Targeting notch signaling and estrogen receptor pathways in human breast cancer stem cells



Journal of Clinical Oncology 26(15_Suppl): 22066-22066



NlmCategory="UNASSIGNED">22066 Background: Breast cancer stem cells have been identified as ESA+CD44+CD24-Lin- cells, which may account for disease relapse and metastasis. Deregulation in stem cell self-renewal pathways such as Notch, Wnt and Hedgehog signaling have been implicated in mammary transformation. In humans, high levels of Notch1 are associated with reduced patient survival.
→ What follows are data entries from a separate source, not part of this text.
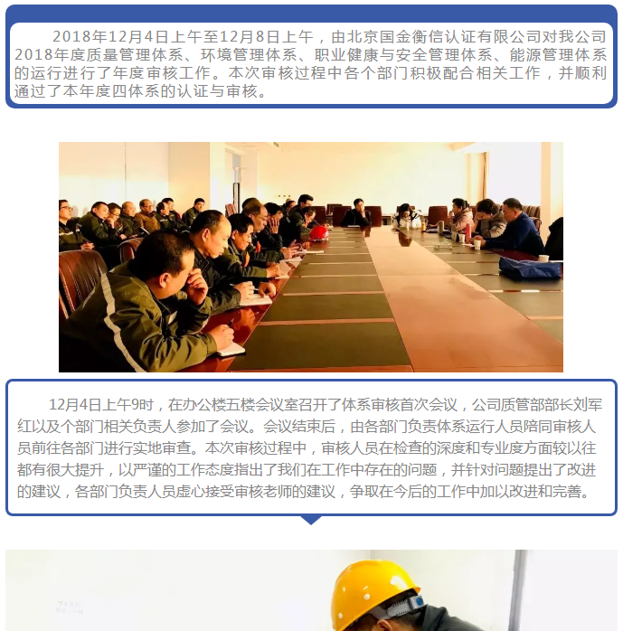 新聞摘要:鑫匯公司順利通過2018年度四體系認證審核
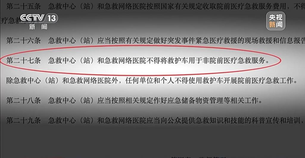 中国卫生法学会副会长 郑雪倩:在这个法律规定里强调的是要保证院前急救工作的落地,比如说 120 它就是专号专用,它的职能和工作性质都是要保证院前半径的抢救工作,而不是非急救的医疗转运。所以政府必须要考虑要满足,在每一个区域大概一个多大的半径下,比如 15 分钟呼救以后,急救车就得到达。
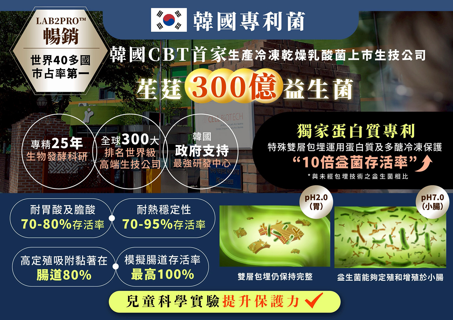 ★韓國政府World Class 300認定×全球市占率第一益生菌平台
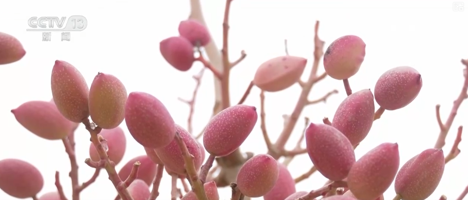 眼下,新疆喀什地区的开心果陆续迎来丰收。果树上挂着一簇簇饱满的果实,在粉红色外皮的包裹下,颗颗开心果如同朵朵花苞即将“绽放”。
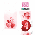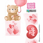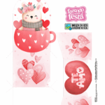 O molde apresenta ilustrações fofas, como ursos, corações, gatinhos e elementos românticos, tudo em tons suaves de rosa e vermelho. O acabamento final fica ainda mais encantador quando impresso em papel fotográfico brilho ou matte.
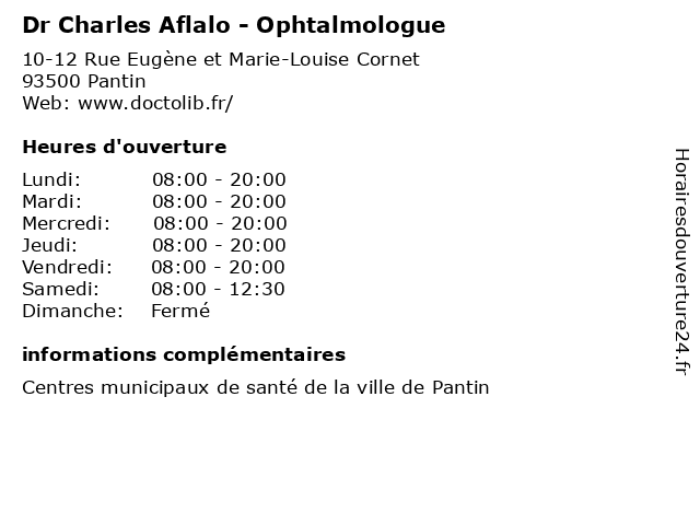 1 Dr Charles Paoli - Médecin généraliste (Distance: 0,00 km) 10-12 Rue Eugène et Marie-Louise Cornet, 93500 Pantin charles, dr, généraliste, médecin, médecine, médical, paoli, pharmaceutique, traitement 2 Dr Dominique Steratto - Ophtalmologue (Distance: 0,30 km) 1 Rue Hoche, 93500 Pantin dominique, dr, ophtalmologie, ophtalmologistes, ophtalmologue, steratto, vision 3 Dr Julien Tilleul - Ophtalmologue (Distance: 0,37 km) 14 Allée des Ateliers, 93500 Pantin dr, julien, ophtalmologie, ophtalmologistes, ophtalmologue, tilleul, vision 4 Dr Julien Tilleul - Ophtalmologue (Distance: 0,38 km) 14 Allée des Ateliers, 93500 Pantin autre, consultation, docteur, dr, julien, julientilleul, médecins, ophtalmologie, ophtalmologue, santé, tilleul 5 Dr Martine Lehrer - Ophtalmologue (Distance: 1,88 km) 55 Rue Henri Barbusse, 93300 Aubervilliers dr, lehrer, martine, médecin, médecine, médical, ophtalmologue, pharmaceutique, traitement 6 Dr Jean-François Schemann - Ophtalmologue (Distance: 1,92 km) 4 Rue de Thionville, 75019 Paris docteur, dr, françois, jean, médecin, ophtalmologie, ophtalmologue, schemann |
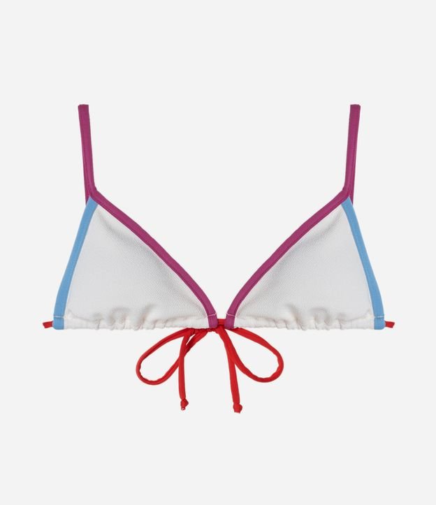 Biquini Top Cortininha em Microfibra Texturizada com Viés Coloridos Branco
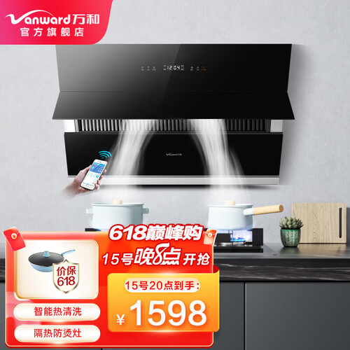 搭载先进的热清洗技术,高温溶解顽固污渍,维持长久强劲吸力。可以手机连接万和APP,实时查看远程操控,减少厨房异味。
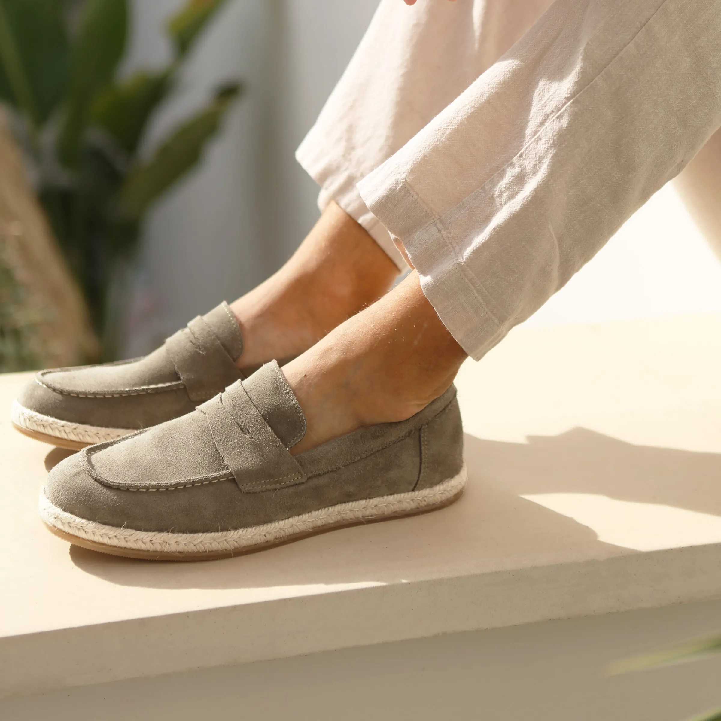 - Mocassin homme en cuir daim gris

Inhibition of Notch signaling has been proposed as a potential strategy in treating breast cancer. Tamoxifen, a modulator of estrogen receptor (ER), is currently used for the treatment of both early and advanced ER+ breast cancer. It is unclear whether ER+ breast cancers originate from ER+ or ER- mammary stem/progenitor cells. Here, we investigate the molecular mechanisms of Notch signaling and ER interaction in breast cancer stem cells, and evaluate Notch inhibition and estrogen antagonist in targeting breast cancer stem cells. CD44+CD24- breast cancer stem cells are isolated by flow cytometry sorting of (1) human breast cancer cell line MDA-MB-231, (2) primary cells from invasive breast cancer lesions and (3) primary cells from benign breast tissues. Real-time PCR is performed to determine the expression of stem cell genes including genes in Notch pathway. IHC is performed to determine the ER and PR status of the cells. Stem like and non-stem like cells are treated with GSI (a Notch inhibitor) and tamoxifen. The effects of the treatments on cell proliferation and apoptosis are determined by BrdU and Tunnel Assays. Previously we have shown that GSI alone effectively induced apoptosis in ER- MDA-MB-231 cells. Tamoxifen alone had substantial killing effects on ER+ MCF7 cells, but enhanced killing in both cell types were observed when treatments were combined. Stem like, non stem-like and unsorted cells were treated with GSI, tamoxifen and combination of GSI and tamoxifen. Proliferation was determined at 24 and 72 hours of treatment by BrdU assay. Stem-like cells exhibited significant sensitivity to GSI killing In addition, an enhanced effect was observed when GSI was combined with tamoxifen, suggesting that chemotherapy that targets both Notch signaling and estrogen receptor pathways in breast cancer stem cells may be an effective strategy in treating breast cancer. No significant financial relationships to disclose.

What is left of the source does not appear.